Faith and Therapy

by 26Health Staff

I had a conversation with my father where he asked me about an alternative to therapy for those who would prefer a more religious route. I thought about it and landed on my position.

Religion and therapy aren’t mutually exclusive, any more than I believe that one is necessary for the other. 

As a former practicing Catholic, I understand the desire to engage in a faith-based approach to healing. Faith might be what keeps you grounded. It could be where you find hope for better things to come – the foundation of your sense of purpose. Many therapists practice faith-based therapy and intertwine their personal religious beliefs into their work with clients. Many clients seek out therapists whose religious beliefs and practices coincide with their own. When the clinician and the client are on the same page, it works. When they are not, it doesn’t go so well.
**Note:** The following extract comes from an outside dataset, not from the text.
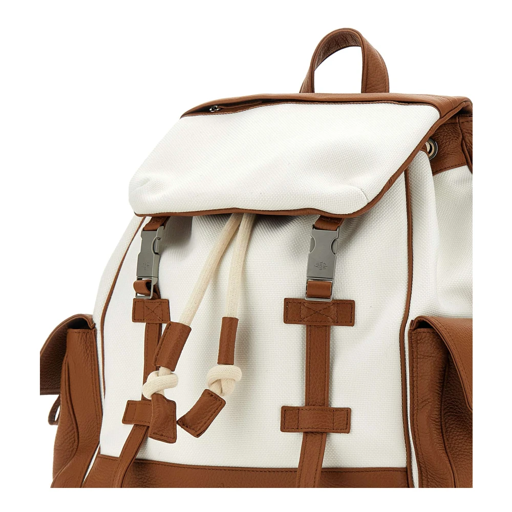 Upgrade je stijl met de Eleventy heren 'Rucksack' rugzak in wit en tabak. Gemaakt van katoenen canvas met hertenprint kalfsleren handvatten en details, deze rugzak heeft externe multifunctionele zakken, interne compartimenten, sluiting met zilveren logo-haken, verstelbaar trekkoord, gewatteerde schouderbanden, bovenhandvat en interne ritszak. Gemaakt in Itali. Afmetingen: hoogte 38 cm, breedte 40 cm, diepte 15 cm.

The Foundation of a Healthy Therapeutic Alliance

I have had many clients over the years tell me that they’ve had therapists in the past who tried to push religion in therapy as an alternative when it was not welcome. My stance as a therapist when it comes to things like this is based on the teaching of Carl Rogers. He said that there are three attributes needed to form a healthy therapeutic alliance: Congruence, Accurate Empathy, and Unconditional Positive Regard. 

Sit and ponder those three things for a minute. It’s profound.

Congruence requires that the therapist be authentic with their clients by letting them see that although they are an expert in their field, they are human and have struggled, too. This facilitates the second point: accurate empathy, or the ability to sense and understand the client’s world and their experiences while refraining from judgment. That lack of judgment leads to the third principle: unconditional positive regard. It is not the therapist’s job to disapprove of the client or their choices; by expressing unconditional positive regard, the therapist expresses a complete lack of judgment and creates an environment of acceptance.

Those who advocate religion to others sometimes do so because they feel that religion will provide some moral compass that they believe the other person lacks. That’s not the only reason, but even when that’s not the intention, it is often the received message. This is based on judgment, but that is not my role as a therapist. It is not the role of any therapist.

Whether you’re interested in faith-based therapy as an alternative to therapy or not, a good therapist (whether they specialize in faith-based counseling or not) will do one of two things: proceed with the type of therapy best suited to your needs or refer you to someone who can. 

Religion in Therapy Should be Guided by the Client

My personal practice in regards to religion in therapy is this: I don’t talk about religion unless my client does. I don’t express my personal views on faith to my client. If my client practices a religion I’m unfamiliar with, I learn about it. Even if it is one I feel well-versed in, I do my best to learn from my client about their beliefs and work within those. 

That’s the key to accurate empathy. Look for that in your therapist.